== Segment start ==

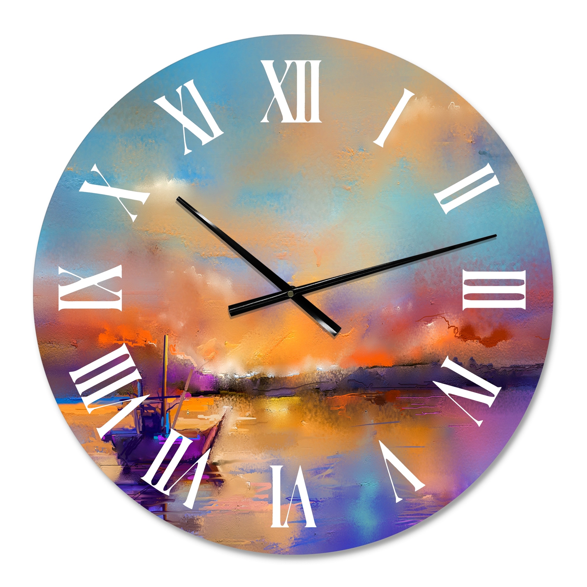 Designart 'Purple Sunset Seascape With Little Ship At the Horizon Horizon I' Modern wall clock
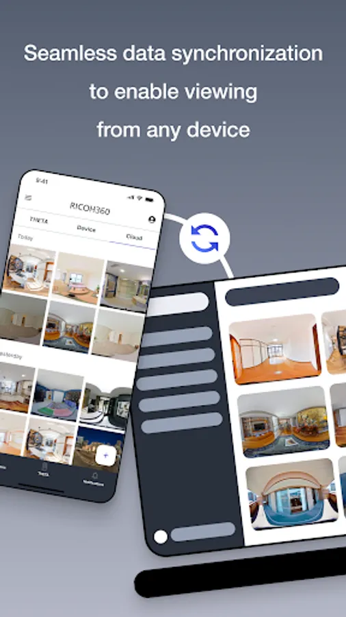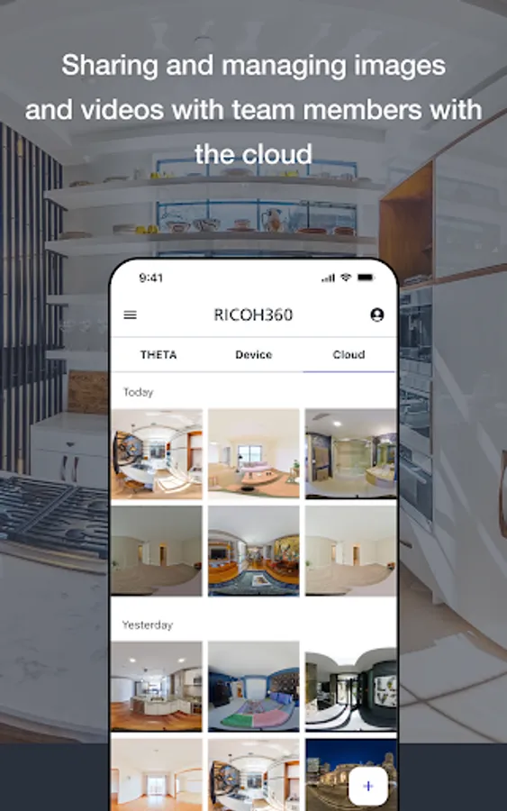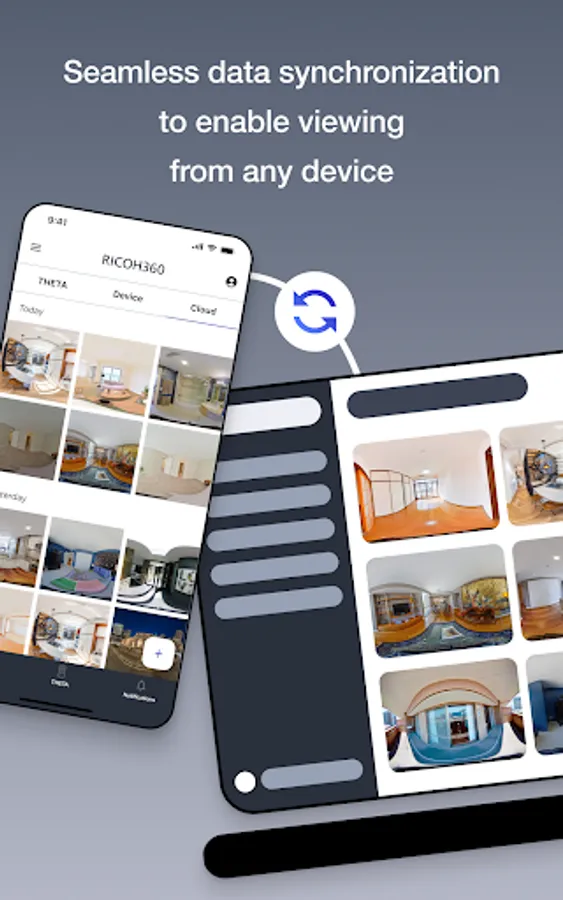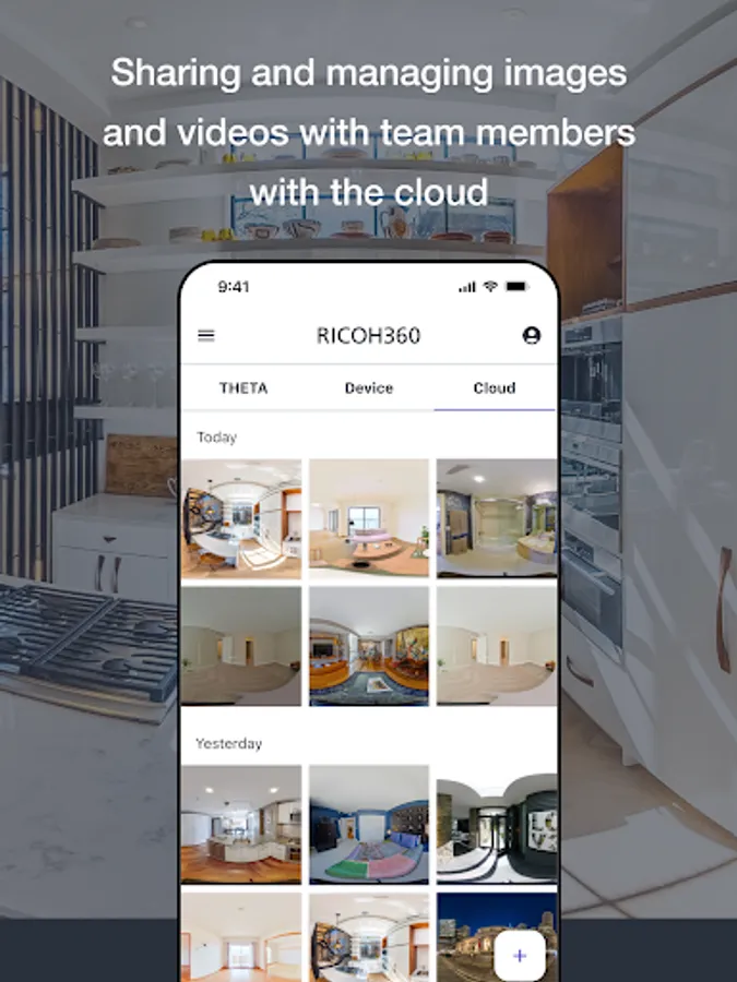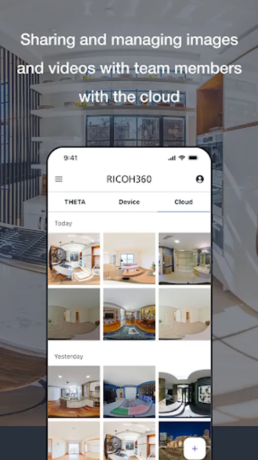 When connecting the 360-degree camera RICOH THETA to the RICOH360 mobile app and shooting images, you can view a preview while shooting the image and automatically synchronize the captured image in the cloud. This enables you to browse images at any time from any device.
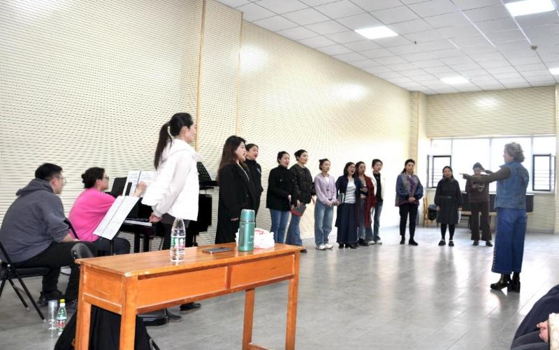 26日下午,在山西大学音乐学院合唱排练厅观看了歌剧《江姐》排练活动。随后,在张维胜副院长的陪同下,参观了教育部晋剧艺术文化传承基地文献室。张维胜详细介绍了基地的申请过程、工作坊的建设,以及《晋剧》课程建设及与此相关的一系列科学研究、艺术成果展示交流等。27日上午,部分教师就双方所关心的艺术研究课题进行了座谈交流。
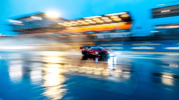– Det var bare vildt ærgerligt. Brendan (Iribe, red.) ramte uheldigvis en barriere, da han fortsatte ligeud i afkørselszonen i en af chikanerne på Mulsanne, og det beskadigede bilens kølesystem. Der var ikke andet for end at få bilen i garagen i en fart. Det skete heldigvis under en FCY (full course yellow, red.), men vi mistede alligevel nogle omgange, som det aldrig lykkedes os at få igen, lyder det fra Frederik Schandorff.
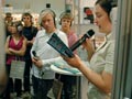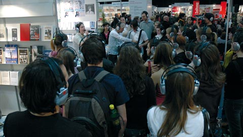 Literarische Funkkopfhörer-Durchwanderung einer Buchmesse.
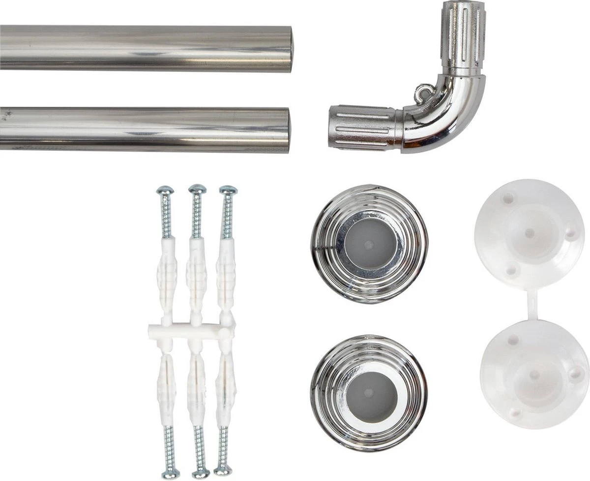Per uiteinde boort u 3 gaten in de muur op de positie waar de pluggen komen. De witte wandbevestiging schroeft u tegen de muur aan en daar bevestigd u de stang aan. De afdekvoeten shuift u over de wandbevestiging heen zodat het er netjes uit ziet. De hoek kunt u makkelijk in de buis schuiven en als alles juist gedaan kan de hoek geen kant op. Mocht er alsnog speling zijn dan kunt u een extra ophanging creeëren door het gaatje in de hoek te gebruiken.
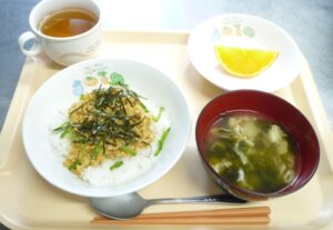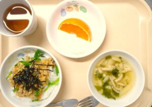 昼食:そぼろ丼、和風スープ、オレンジ、麦茶
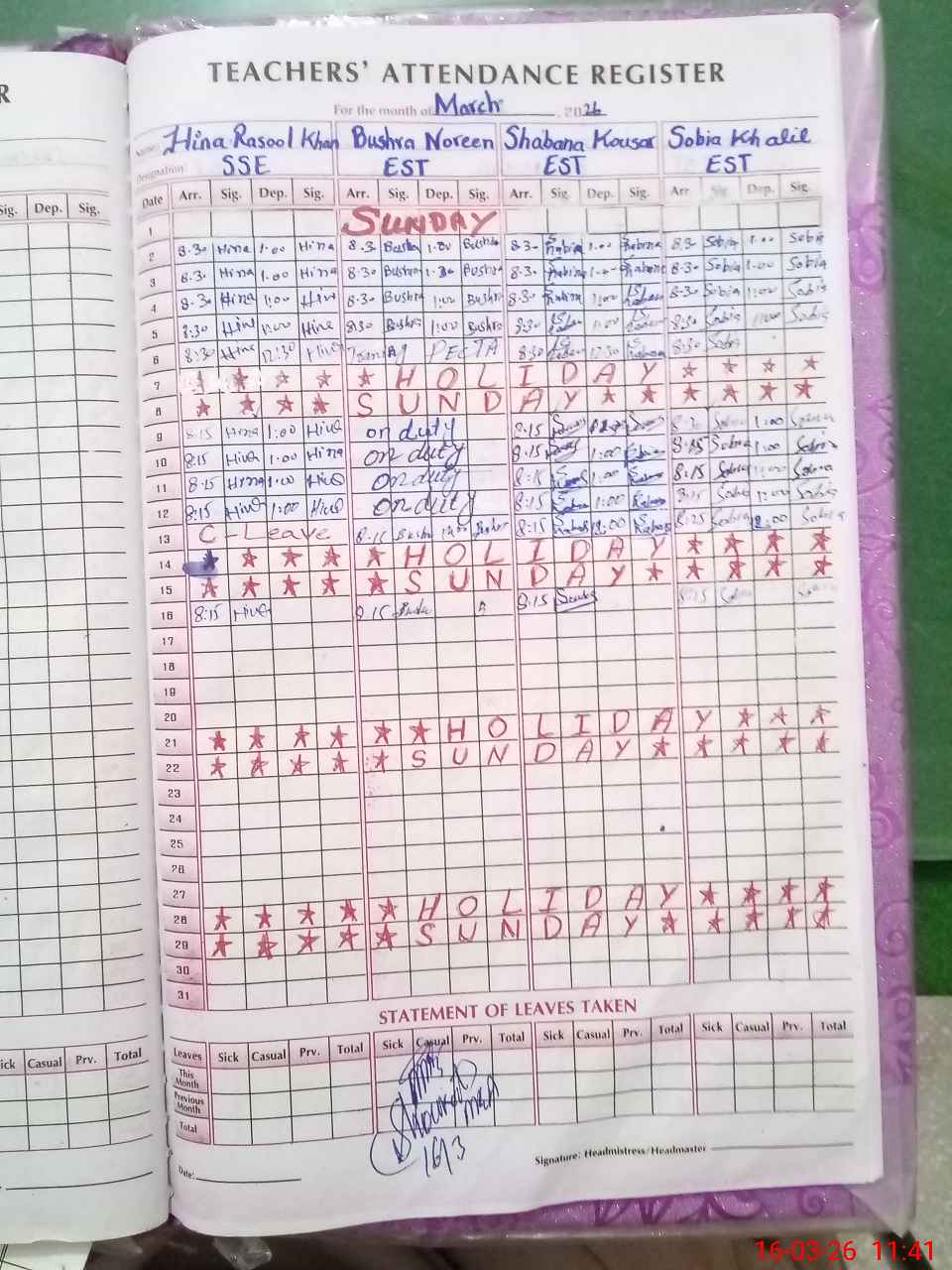 | Remarks (Use Separate Page if Required): Govet Punjab has alloted leaves for the class of ECCE and Nursery but Headmistress sahiba has not permitted to leave these classes. the NSB and FTF record was not updated | |||||
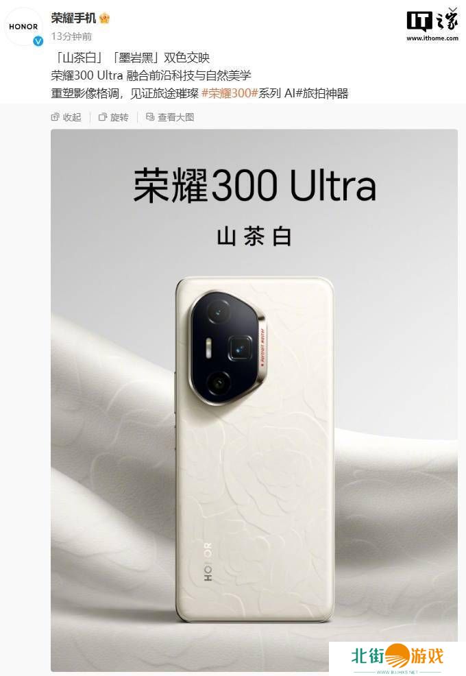 荣耀近日正式揭晓了其最新旗舰机型荣耀300 Ultra的外观设计,通过官方渠道发布了山茶白与墨岩黑两款配色的高清图片,标志着荣耀300系列三款手机的外观已经全部亮相于公众面前。
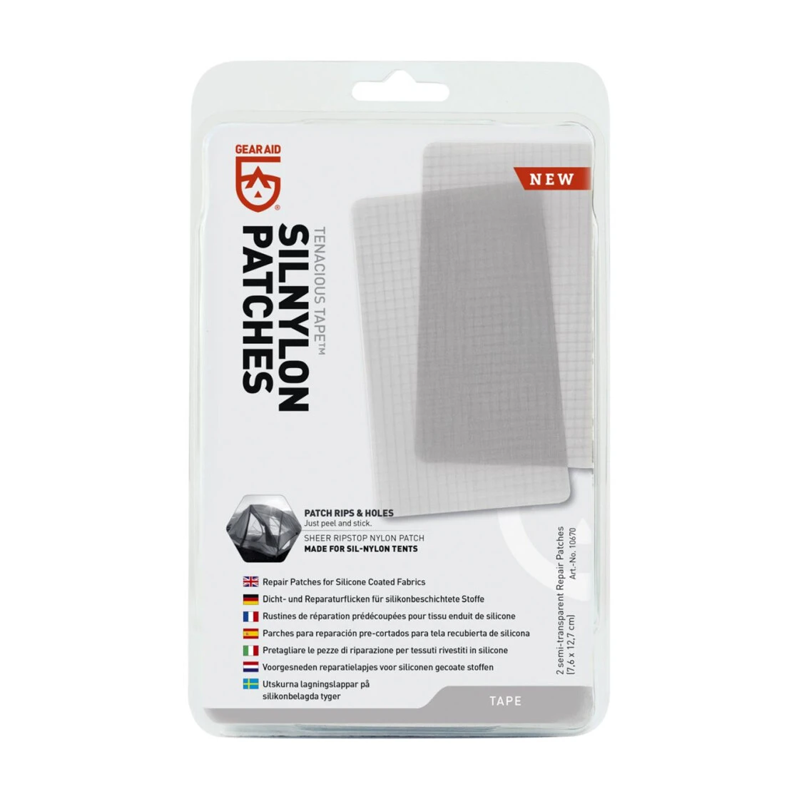 Die weltweit ersten Klebeflicken für silikonbeschichtete Gewebe. Löcher und Risse in silikonbeschichteten Ultraleicht-Geweben können jetzt problemlos und schnell repariert werden. Dank des reißfesten Ripstop-Nylons, welches mit einem neu entwickelten Silikonkleber beschichtet ist, erhält man eine dauerhafte, fast unsichtbare Sofortreparatur auf Zelten, Schlafsäcken, Planen, Rucksäcken und Packsäcken aus Silnylon/Silpoly Geweben – egal ob unterwegs oder zuhause. Das Reparaturset enthält zwei semi-transparente Flicken. Wie alle Tenacious Tapes sind auch diese Patches waschbar und wetterfest. Jetzt ist es leichter als je zuvor, beschädigte Ausrüstung oder Kleidung aus ultraleichtem Gewebe schnell und einfach mit Tenacious Tape Silnylon Patches zu reparieren. Kein Nähen keine Hitze erforderlich. Einfach zuschneiden, Trägerfolie entfernen und aufbringen. Das semi-transparente Material passt zu jeder Stofffarbe und ist nahezu unsichtbar.
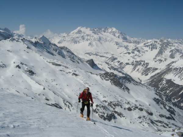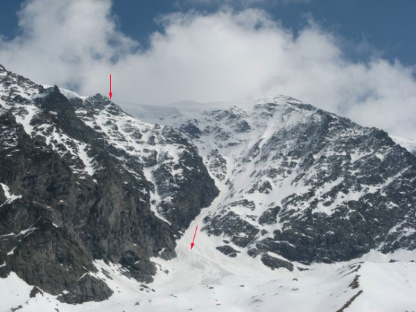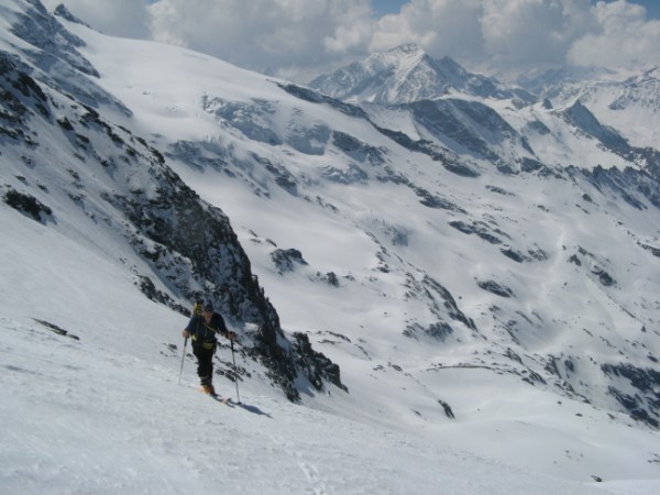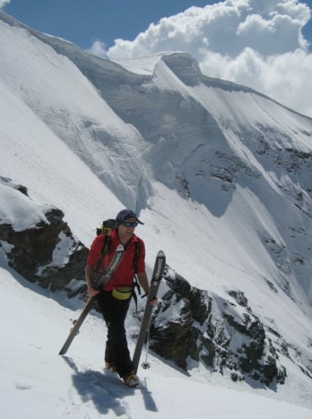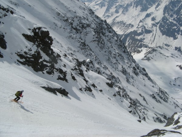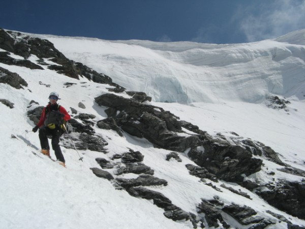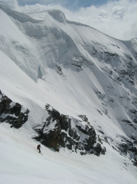 Tout d'abord une photo de Véloski qui donne envie. Puis pas envis de se lever tôt après un mariage (félicitation aux jeunes mariés, manu et bénédicte !) on opte pour cette boucle avec une montée paisible sans se presser au soleil sans crampons/piolets (passage sous le couloir avec repérage de celui-ci). Descente en super condition à 14h30, bien décaillée, mais descendue en 10 minutes pas très sereins sous ce sérac de 30 m de haut ! Question pente : 45°/200m, 40°/400m mais exposé sous le sérac. Nous déconseillons de remonter cet itinéraire, mais être sur des conditions pour le descendre à vu. Une descente de grande ampleur avec ambiance sous le sérac.
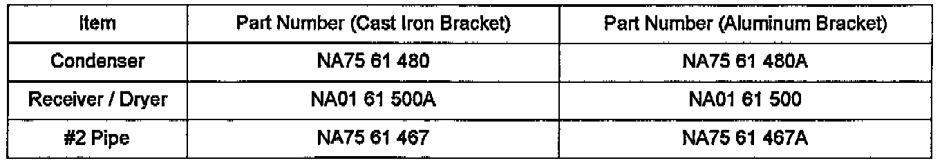 Two different types of condensers, receiver driers and # 2 pipes (see note) are used on the listed models. These components are not interchangeable. Use the following method and the application chart to identify the correct replacement components.
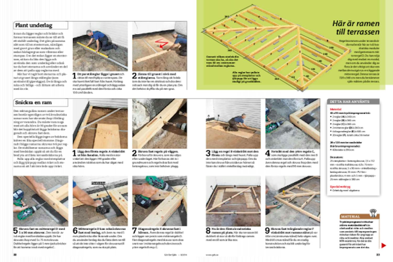 Den rektangulära ramen under terrassen består egentligen av två kvadratiska ramar som har skruvats ihop i förlängning av varandra. Du måste vara noga med att alla hörn är 90 grader för annars blir det hopplöst att lägga brädorna diagonalt och skruva fast dem.
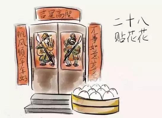 “腊月二十八,打糕蒸馍贴花花”。“贴花花”就是贴年画,春联和窗花,有些地方习惯在除夕当天早上贴对联。
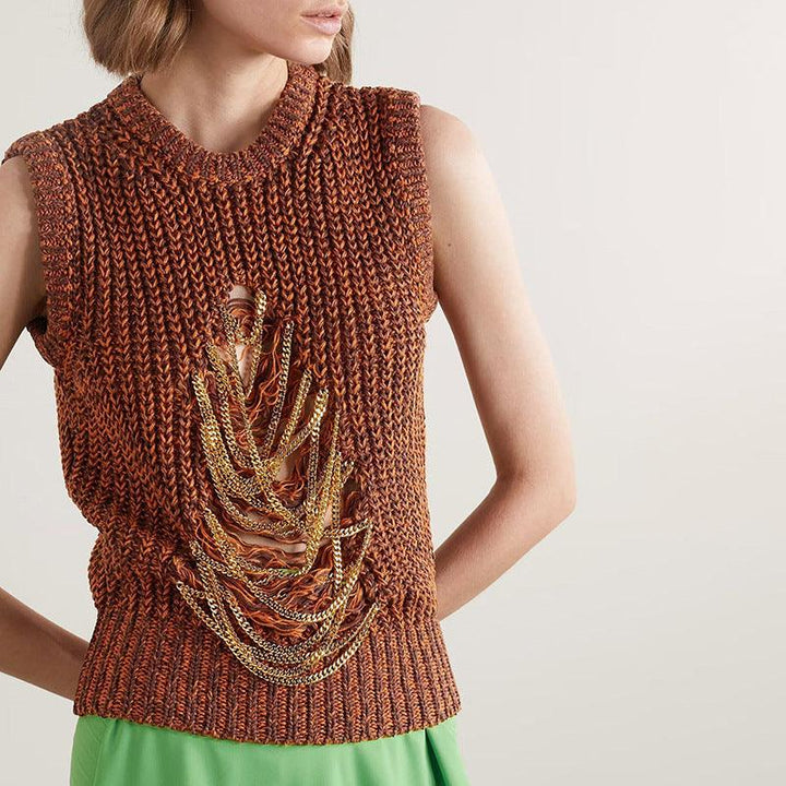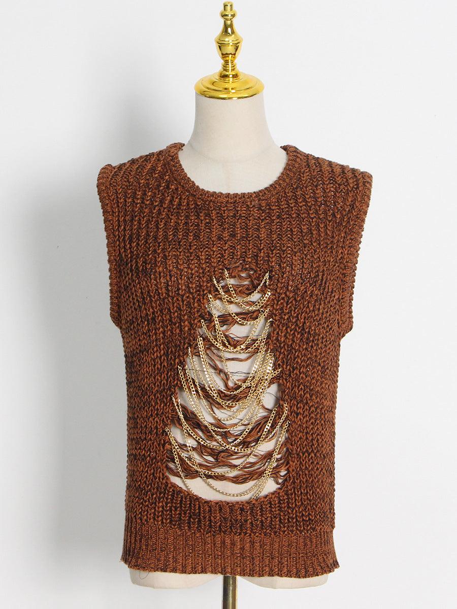 Women's Fashion Solid Color Patchwork Knitting Vest
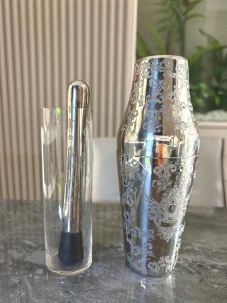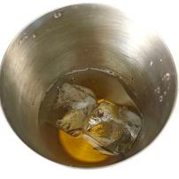 大力摇晃,使雪克杯表面结一层薄霜,将混合后的饮品倒入杯中,用薄荷点缀装饰。简单又酷炫的饮品就制作完成啦!

== Segment end ==

| Assignment |
Within the listing above, find the line containing "Per uiteinde boort" and the line containing "荣耀近日正式揭晓了其最新旗舰". Transcribe them and everything between them exactly, leaving out the pictures.

| Task answer |
Per uiteinde boort u 3 gaten in de muur op de positie waar de pluggen komen. De witte wandbevestiging schroeft u tegen de muur aan en daar bevestigd u de stang aan. De afdekvoeten shuift u over de wandbevestiging heen zodat het er netjes uit ziet. De hoek kunt u makkelijk in de buis schuiven en als alles juist gedaan kan de hoek geen kant op. Mocht er alsnog speling zijn dan kunt u een extra ophanging creeëren door het gaatje in de hoek te gebruiken.
 昼食:そぼろ丼、和風スープ、オレンジ、麦茶
 | Remarks (Use Separate Page if Required): Govet Punjab has alloted leaves for the class of ECCE and Nursery but Headmistress sahiba has not permitted to leave these classes. the NSB and FTF record was not updated | |||||
 荣耀近日正式揭晓了其最新旗舰机型荣耀300 Ultra的外观设计,通过官方渠道发布了山茶白与墨岩黑两款配色的高清图片,标志着荣耀300系列三款手机的外观已经全部亮相于公众面前。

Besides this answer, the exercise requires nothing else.